■ Record set
■ ■ ■ ■ ■ ■ ■
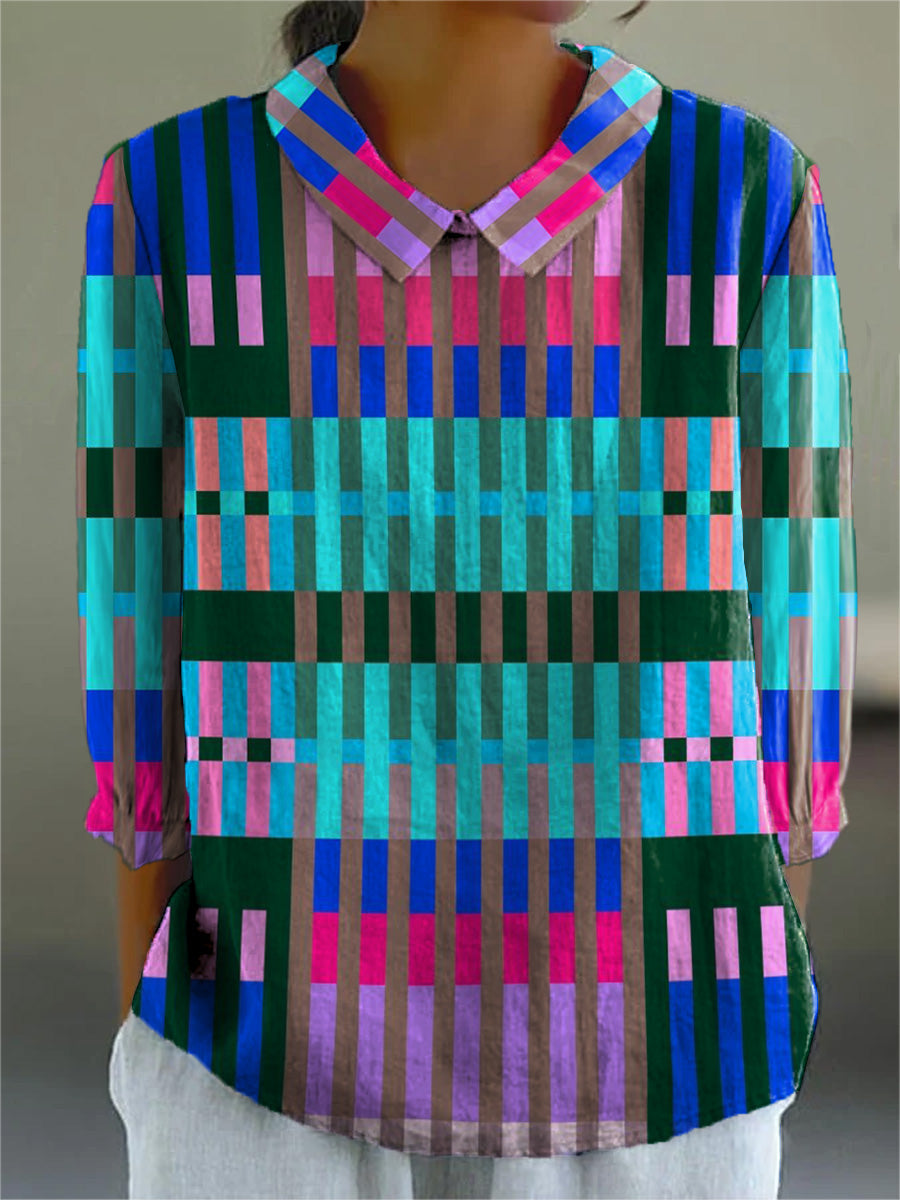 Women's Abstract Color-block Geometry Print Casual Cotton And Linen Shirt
■ ■ ■ ■ ■ ■ ■
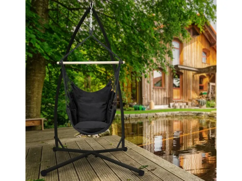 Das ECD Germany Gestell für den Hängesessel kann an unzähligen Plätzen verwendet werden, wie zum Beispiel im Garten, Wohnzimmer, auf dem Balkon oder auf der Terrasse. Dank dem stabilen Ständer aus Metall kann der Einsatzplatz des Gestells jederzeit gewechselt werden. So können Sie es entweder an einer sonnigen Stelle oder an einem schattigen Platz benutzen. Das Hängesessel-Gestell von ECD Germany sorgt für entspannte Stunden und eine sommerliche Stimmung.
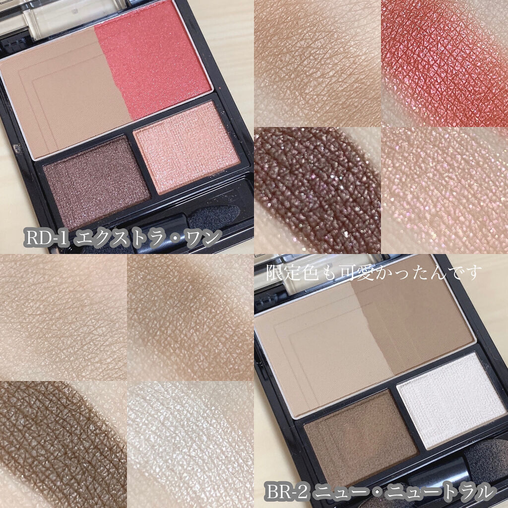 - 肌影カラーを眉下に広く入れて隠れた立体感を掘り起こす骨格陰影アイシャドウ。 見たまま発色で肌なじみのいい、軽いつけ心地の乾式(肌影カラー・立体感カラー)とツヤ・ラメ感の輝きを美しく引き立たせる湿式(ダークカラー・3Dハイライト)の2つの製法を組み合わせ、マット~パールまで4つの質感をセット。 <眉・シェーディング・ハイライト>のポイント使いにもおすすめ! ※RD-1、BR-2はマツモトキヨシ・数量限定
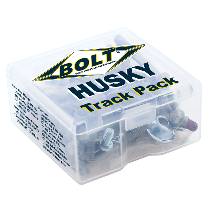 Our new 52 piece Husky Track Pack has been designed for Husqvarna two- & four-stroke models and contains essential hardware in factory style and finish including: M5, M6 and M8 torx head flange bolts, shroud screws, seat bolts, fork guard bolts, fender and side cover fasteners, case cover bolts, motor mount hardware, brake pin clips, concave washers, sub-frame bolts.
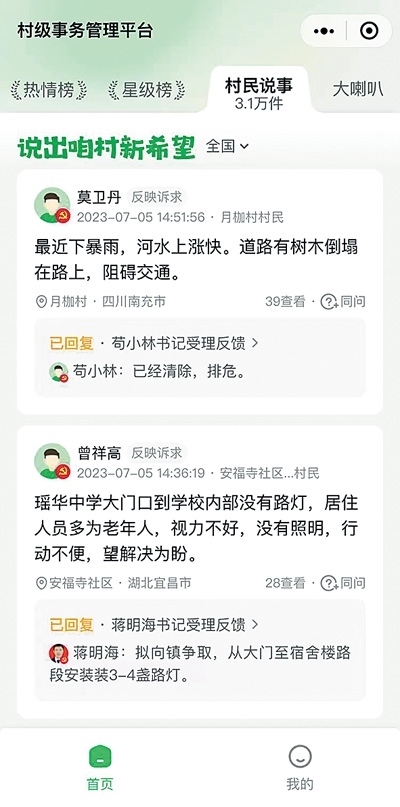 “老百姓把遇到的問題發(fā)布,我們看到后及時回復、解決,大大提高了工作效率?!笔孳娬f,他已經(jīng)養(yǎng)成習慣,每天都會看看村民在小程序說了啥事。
■ ■ ■ ■ ■ ■ ■
■ Work request
Would you output the lines above from the line holding "Das ECD Germany" up to and including the line holding "Our new 52 piece", exactly and only those, with no pictures?

■ The answer
 Das ECD Germany Gestell für den Hängesessel kann an unzähligen Plätzen verwendet werden, wie zum Beispiel im Garten, Wohnzimmer, auf dem Balkon oder auf der Terrasse. Dank dem stabilen Ständer aus Metall kann der Einsatzplatz des Gestells jederzeit gewechselt werden. So können Sie es entweder an einer sonnigen Stelle oder an einem schattigen Platz benutzen. Das Hängesessel-Gestell von ECD Germany sorgt für entspannte Stunden und eine sommerliche Stimmung.
 - 肌影カラーを眉下に広く入れて隠れた立体感を掘り起こす骨格陰影アイシャドウ。 見たまま発色で肌なじみのいい、軽いつけ心地の乾式(肌影カラー・立体感カラー)とツヤ・ラメ感の輝きを美しく引き立たせる湿式(ダークカラー・3Dハイライト)の2つの製法を組み合わせ、マット~パールまで4つの質感をセット。 <眉・シェーディング・ハイライト>のポイント使いにもおすすめ! ※RD-1、BR-2はマツモトキヨシ・数量限定
 Our new 52 piece Husky Track Pack has been designed for Husqvarna two- & four-stroke models and contains essential hardware in factory style and finish including: M5, M6 and M8 torx head flange bolts, shroud screws, seat bolts, fork guard bolts, fender and side cover fasteners, case cover bolts, motor mount hardware, brake pin clips, concave washers, sub-frame bolts.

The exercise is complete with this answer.